What needs to be done
Output each record exactly as given. Leave out every picture.

Data for the task
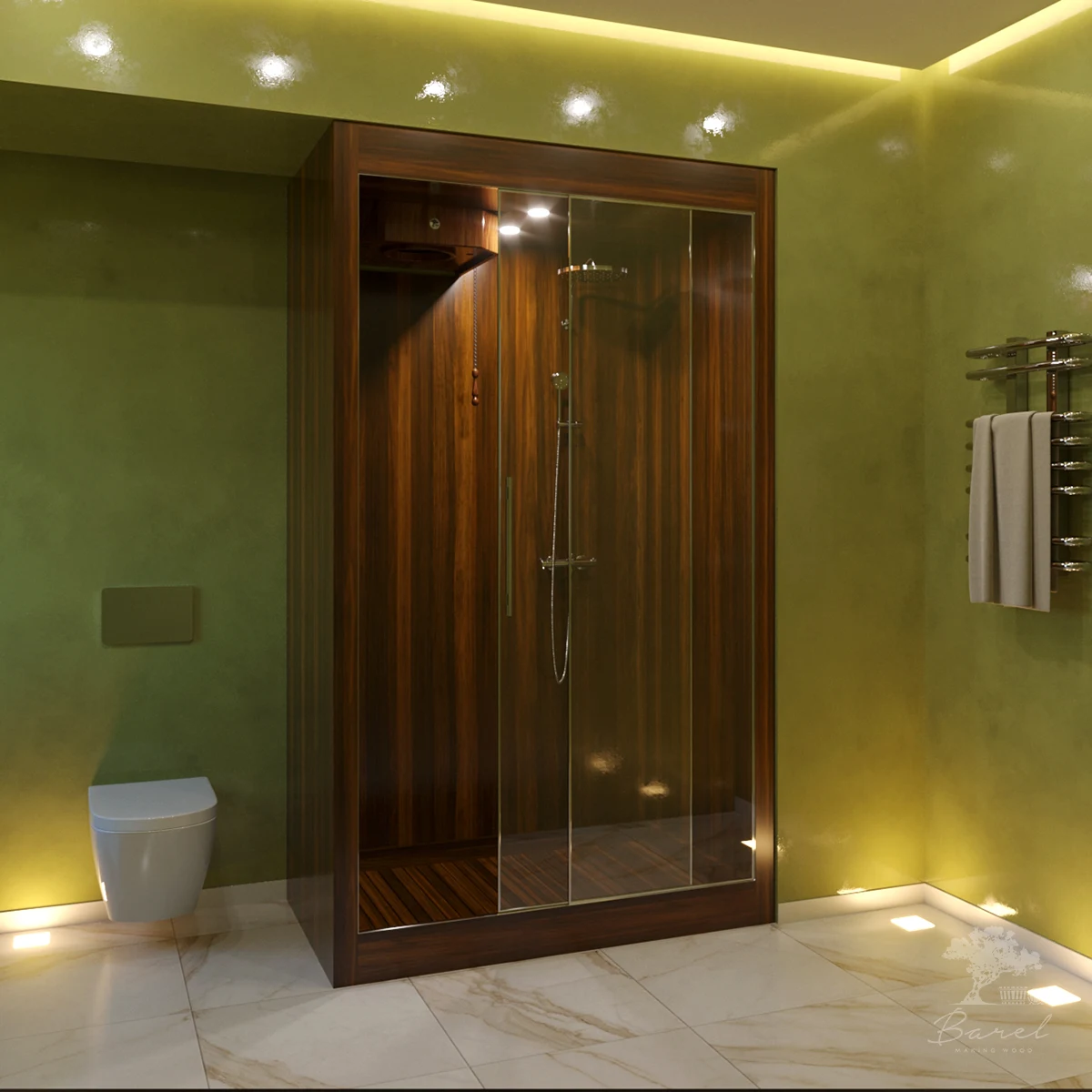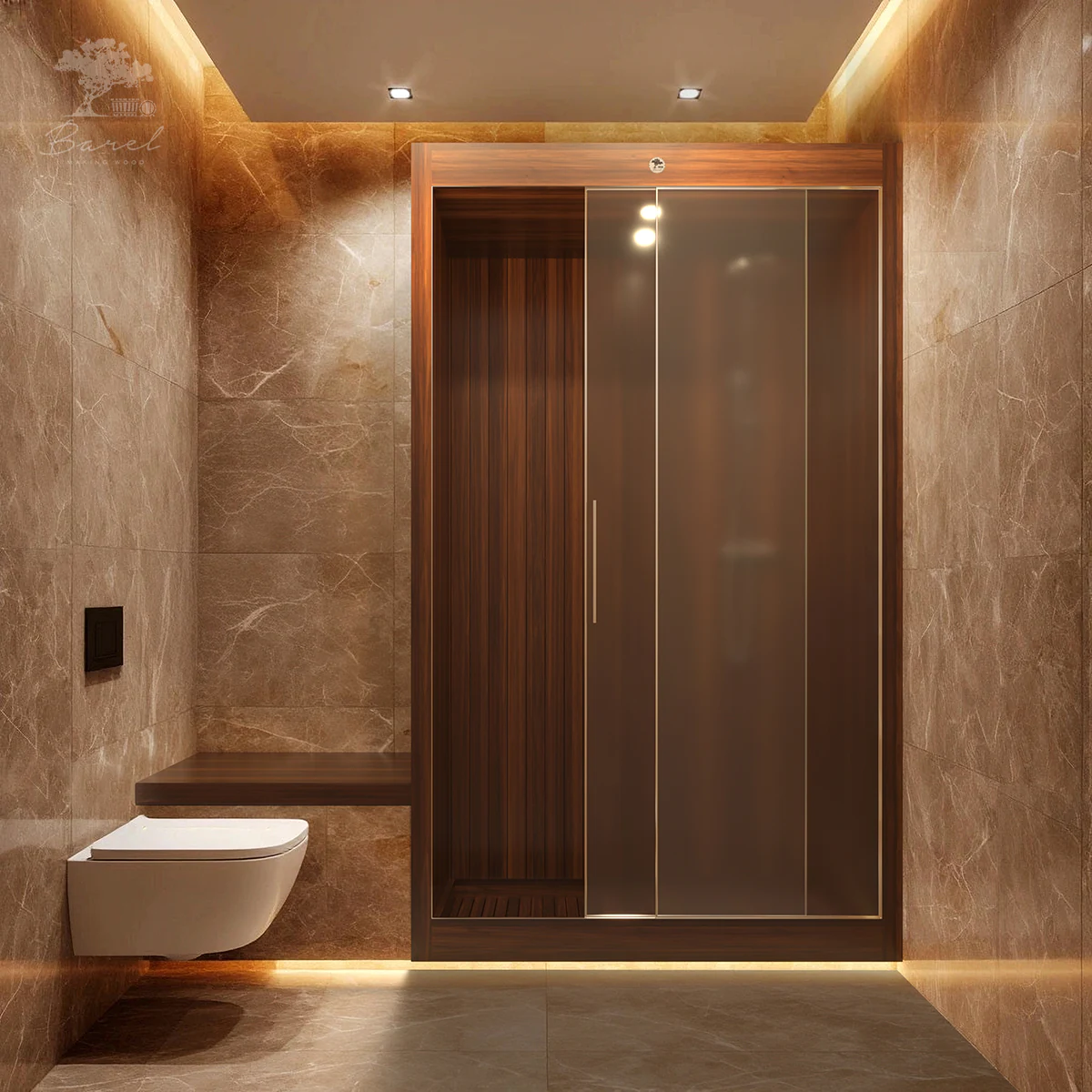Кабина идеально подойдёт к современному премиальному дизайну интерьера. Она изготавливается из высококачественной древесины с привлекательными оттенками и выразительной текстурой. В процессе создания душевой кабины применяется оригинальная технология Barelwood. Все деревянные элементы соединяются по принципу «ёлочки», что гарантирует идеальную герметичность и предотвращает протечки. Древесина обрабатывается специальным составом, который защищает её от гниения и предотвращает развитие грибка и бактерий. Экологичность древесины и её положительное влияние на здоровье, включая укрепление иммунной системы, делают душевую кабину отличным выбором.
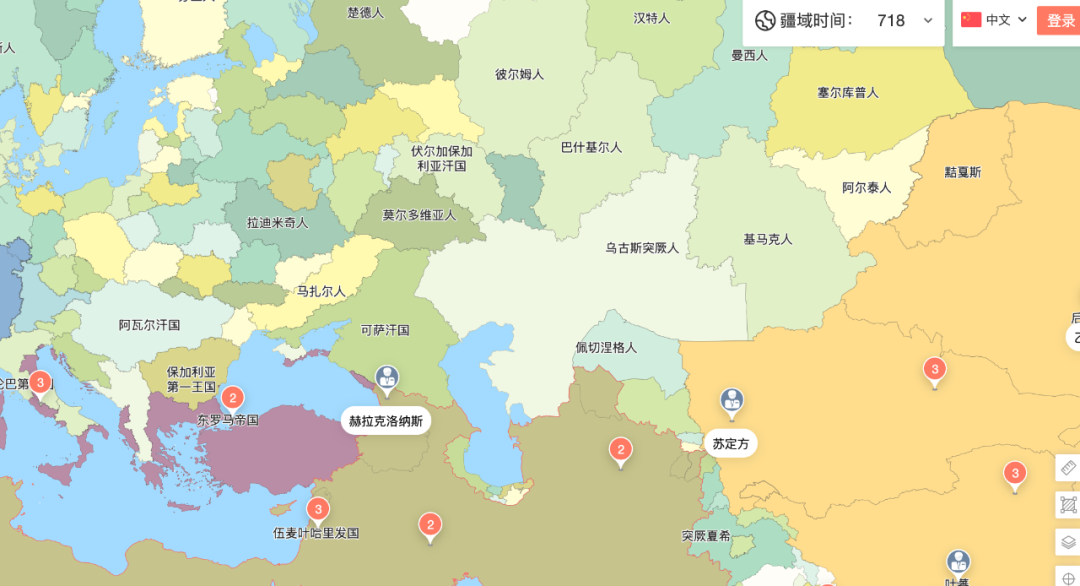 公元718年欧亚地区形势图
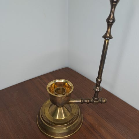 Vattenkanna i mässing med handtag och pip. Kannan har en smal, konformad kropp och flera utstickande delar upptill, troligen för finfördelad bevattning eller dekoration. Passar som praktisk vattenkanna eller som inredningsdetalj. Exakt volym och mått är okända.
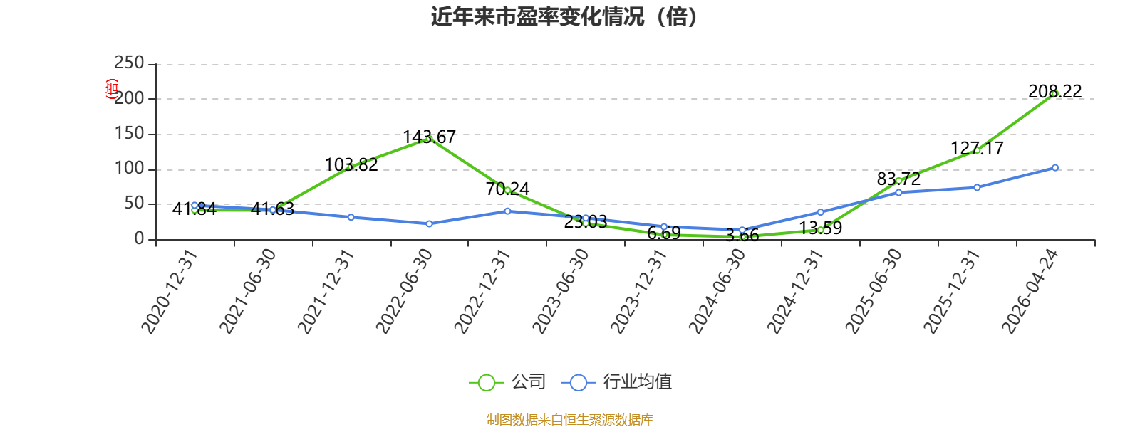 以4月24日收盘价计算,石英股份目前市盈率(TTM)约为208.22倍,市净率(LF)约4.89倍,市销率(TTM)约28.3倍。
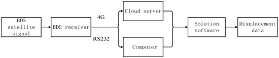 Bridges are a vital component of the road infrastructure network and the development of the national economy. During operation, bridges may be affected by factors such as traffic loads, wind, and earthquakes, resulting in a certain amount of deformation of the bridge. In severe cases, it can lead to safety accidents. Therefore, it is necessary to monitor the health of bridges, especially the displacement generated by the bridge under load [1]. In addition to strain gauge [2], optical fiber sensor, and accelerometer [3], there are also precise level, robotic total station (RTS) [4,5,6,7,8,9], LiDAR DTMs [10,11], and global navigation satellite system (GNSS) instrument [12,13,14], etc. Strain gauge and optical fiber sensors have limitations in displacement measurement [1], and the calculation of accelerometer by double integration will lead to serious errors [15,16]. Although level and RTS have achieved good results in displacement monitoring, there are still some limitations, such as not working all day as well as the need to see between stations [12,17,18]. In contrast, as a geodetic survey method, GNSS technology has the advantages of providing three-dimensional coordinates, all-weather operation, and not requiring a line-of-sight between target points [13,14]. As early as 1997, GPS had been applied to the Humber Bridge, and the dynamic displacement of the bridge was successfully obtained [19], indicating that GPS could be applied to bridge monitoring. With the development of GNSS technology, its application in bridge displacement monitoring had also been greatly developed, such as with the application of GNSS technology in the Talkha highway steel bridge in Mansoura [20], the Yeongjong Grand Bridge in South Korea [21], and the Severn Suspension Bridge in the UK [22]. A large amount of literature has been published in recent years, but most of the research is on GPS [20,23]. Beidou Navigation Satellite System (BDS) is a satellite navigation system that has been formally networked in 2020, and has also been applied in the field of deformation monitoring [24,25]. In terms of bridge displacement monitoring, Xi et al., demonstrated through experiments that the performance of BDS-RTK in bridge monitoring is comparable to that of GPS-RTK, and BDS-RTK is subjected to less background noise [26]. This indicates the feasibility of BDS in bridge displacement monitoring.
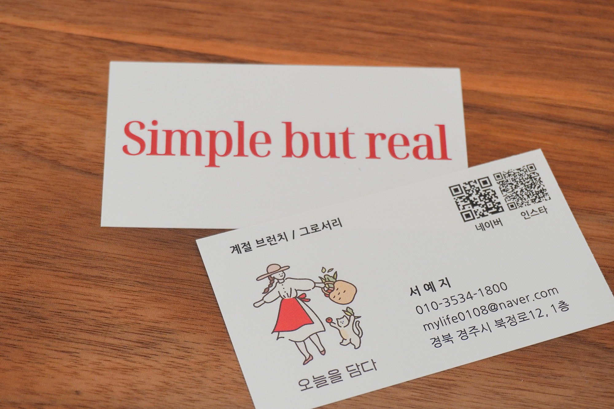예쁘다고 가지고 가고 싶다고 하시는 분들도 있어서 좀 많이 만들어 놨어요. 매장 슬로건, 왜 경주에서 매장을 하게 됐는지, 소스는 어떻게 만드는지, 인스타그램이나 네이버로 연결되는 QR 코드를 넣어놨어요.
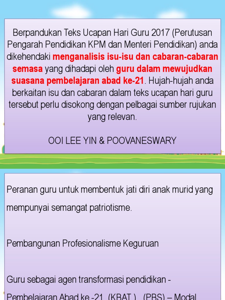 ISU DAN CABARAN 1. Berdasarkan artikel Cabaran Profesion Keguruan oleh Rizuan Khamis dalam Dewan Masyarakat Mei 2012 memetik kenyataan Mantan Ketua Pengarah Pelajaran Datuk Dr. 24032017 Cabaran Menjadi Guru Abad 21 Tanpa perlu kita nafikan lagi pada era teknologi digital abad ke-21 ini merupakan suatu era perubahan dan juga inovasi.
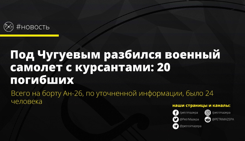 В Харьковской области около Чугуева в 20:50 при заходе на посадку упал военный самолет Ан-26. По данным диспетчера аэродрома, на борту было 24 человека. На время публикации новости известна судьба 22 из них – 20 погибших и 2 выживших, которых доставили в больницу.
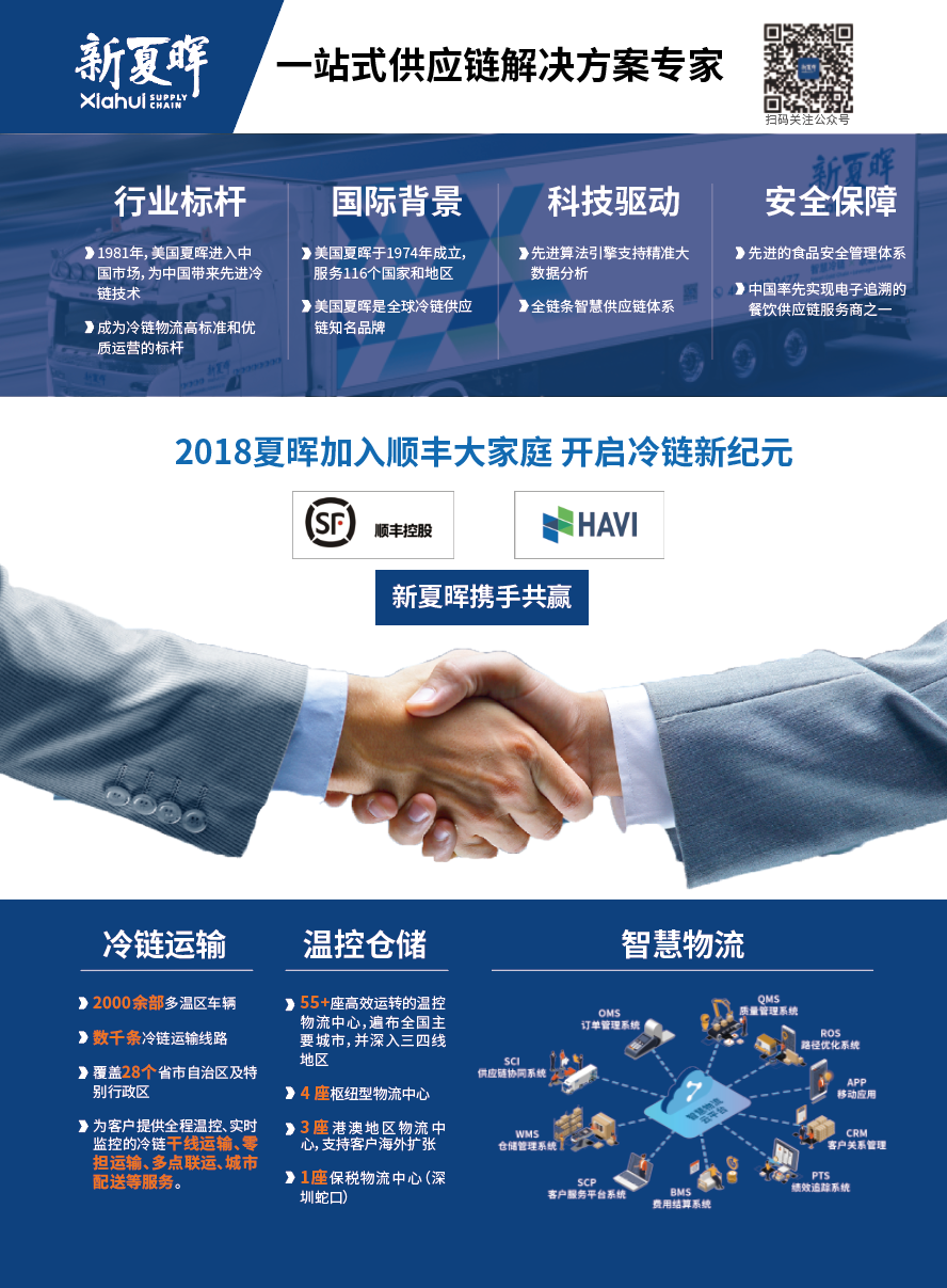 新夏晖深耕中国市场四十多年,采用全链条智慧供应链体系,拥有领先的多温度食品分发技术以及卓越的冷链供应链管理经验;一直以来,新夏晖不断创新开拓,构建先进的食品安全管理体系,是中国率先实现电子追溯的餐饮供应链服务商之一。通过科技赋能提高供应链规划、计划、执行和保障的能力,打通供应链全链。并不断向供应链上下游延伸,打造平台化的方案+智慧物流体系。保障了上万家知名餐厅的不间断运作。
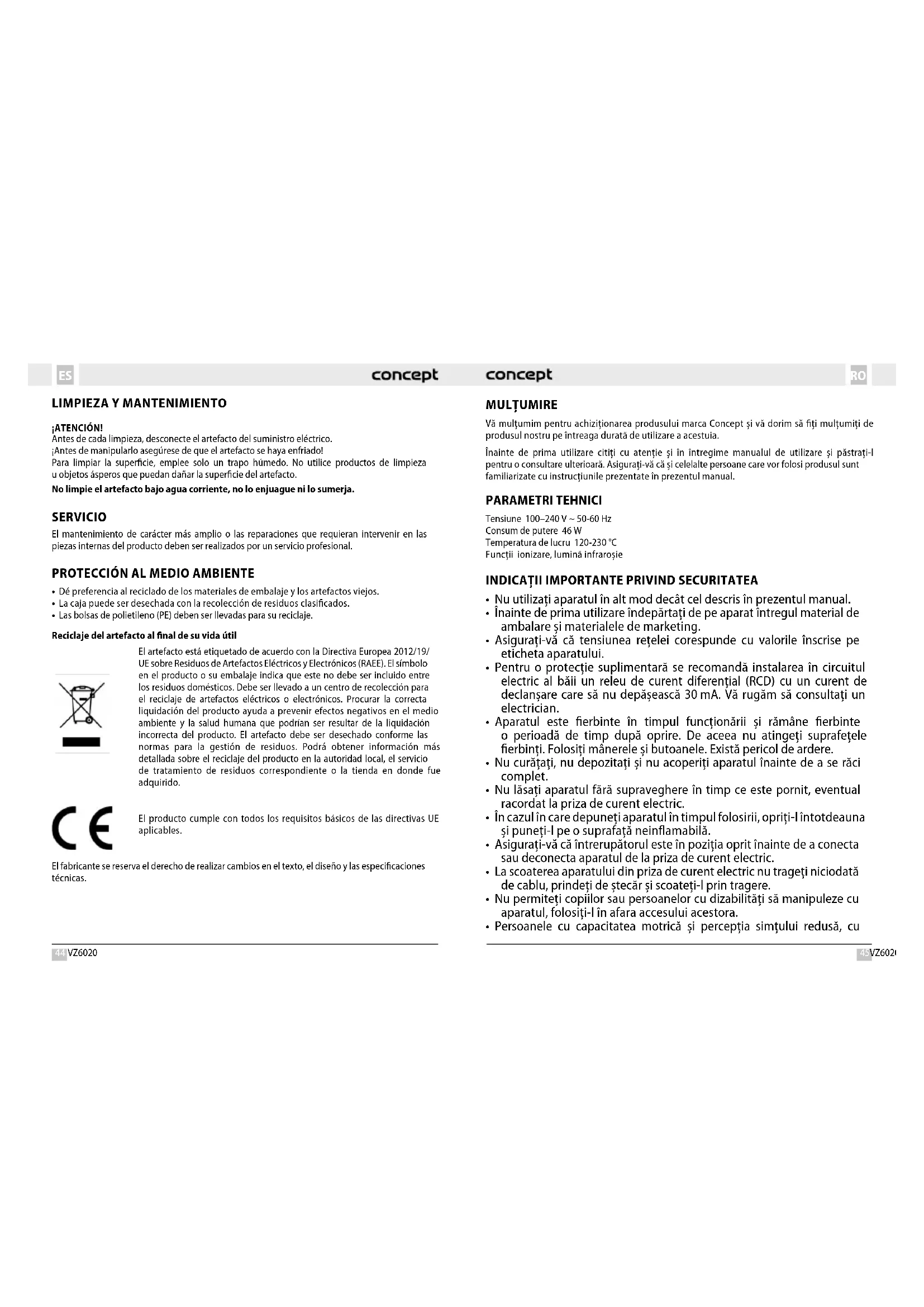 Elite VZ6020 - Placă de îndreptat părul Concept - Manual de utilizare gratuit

Task answer
Кабина идеально подойдёт к современному премиальному дизайну интерьера. Она изготавливается из высококачественной древесины с привлекательными оттенками и выразительной текстурой. В процессе создания душевой кабины применяется оригинальная технология Barelwood. Все деревянные элементы соединяются по принципу «ёлочки», что гарантирует идеальную герметичность и предотвращает протечки. Древесина обрабатывается специальным составом, который защищает её от гниения и предотвращает развитие грибка и бактерий. Экологичность древесины и её положительное влияние на здоровье, включая укрепление иммунной системы, делают душевую кабину отличным выбором.
 公元718年欧亚地区形势图
 Vattenkanna i mässing med handtag och pip. Kannan har en smal, konformad kropp och flera utstickande delar upptill, troligen för finfördelad bevattning eller dekoration. Passar som praktisk vattenkanna eller som inredningsdetalj. Exakt volym och mått är okända.
 以4月24日收盘价计算,石英股份目前市盈率(TTM)约为208.22倍,市净率(LF)约4.89倍,市销率(TTM)约28.3倍。
 Bridges are a vital component of the road infrastructure network and the development of the national economy. During operation, bridges may be affected by factors such as traffic loads, wind, and earthquakes, resulting in a certain amount of deformation of the bridge. In severe cases, it can lead to safety accidents. Therefore, it is necessary to monitor the health of bridges, especially the displacement generated by the bridge under load [1]. In addition to strain gauge [2], optical fiber sensor, and accelerometer [3], there are also precise level, robotic total station (RTS) [4,5,6,7,8,9], LiDAR DTMs [10,11], and global navigation satellite system (GNSS) instrument [12,13,14], etc. Strain gauge and optical fiber sensors have limitations in displacement measurement [1], and the calculation of accelerometer by double integration will lead to serious errors [15,16]. Although level and RTS have achieved good results in displacement monitoring, there are still some limitations, such as not working all day as well as the need to see between stations [12,17,18]. In contrast, as a geodetic survey method, GNSS technology has the advantages of providing three-dimensional coordinates, all-weather operation, and not requiring a line-of-sight between target points [13,14]. As early as 1997, GPS had been applied to the Humber Bridge, and the dynamic displacement of the bridge was successfully obtained [19], indicating that GPS could be applied to bridge monitoring. With the development of GNSS technology, its application in bridge displacement monitoring had also been greatly developed, such as with the application of GNSS technology in the Talkha highway steel bridge in Mansoura [20], the Yeongjong Grand Bridge in South Korea [21], and the Severn Suspension Bridge in the UK [22]. A large amount of literature has been published in recent years, but most of the research is on GPS [20,23]. Beidou Navigation Satellite System (BDS) is a satellite navigation system that has been formally networked in 2020, and has also been applied in the field of deformation monitoring [24,25]. In terms of bridge displacement monitoring, Xi et al., demonstrated through experiments that the performance of BDS-RTK in bridge monitoring is comparable to that of GPS-RTK, and BDS-RTK is subjected to less background noise [26]. This indicates the feasibility of BDS in bridge displacement monitoring.
예쁘다고 가지고 가고 싶다고 하시는 분들도 있어서 좀 많이 만들어 놨어요. 매장 슬로건, 왜 경주에서 매장을 하게 됐는지, 소스는 어떻게 만드는지, 인스타그램이나 네이버로 연결되는 QR 코드를 넣어놨어요.
 ISU DAN CABARAN 1. Berdasarkan artikel Cabaran Profesion Keguruan oleh Rizuan Khamis dalam Dewan Masyarakat Mei 2012 memetik kenyataan Mantan Ketua Pengarah Pelajaran Datuk Dr. 24032017 Cabaran Menjadi Guru Abad 21 Tanpa perlu kita nafikan lagi pada era teknologi digital abad ke-21 ini merupakan suatu era perubahan dan juga inovasi.
 В Харьковской области около Чугуева в 20:50 при заходе на посадку упал военный самолет Ан-26. По данным диспетчера аэродрома, на борту было 24 человека. На время публикации новости известна судьба 22 из них – 20 погибших и 2 выживших, которых доставили в больницу.
 新夏晖深耕中国市场四十多年,采用全链条智慧供应链体系,拥有领先的多温度食品分发技术以及卓越的冷链供应链管理经验;一直以来,新夏晖不断创新开拓,构建先进的食品安全管理体系,是中国率先实现电子追溯的餐饮供应链服务商之一。通过科技赋能提高供应链规划、计划、执行和保障的能力,打通供应链全链。并不断向供应链上下游延伸,打造平台化的方案+智慧物流体系。保障了上万家知名餐厅的不间断运作。
 Elite VZ6020 - Placă de îndreptat părul Concept - Manual de utilizare gratuit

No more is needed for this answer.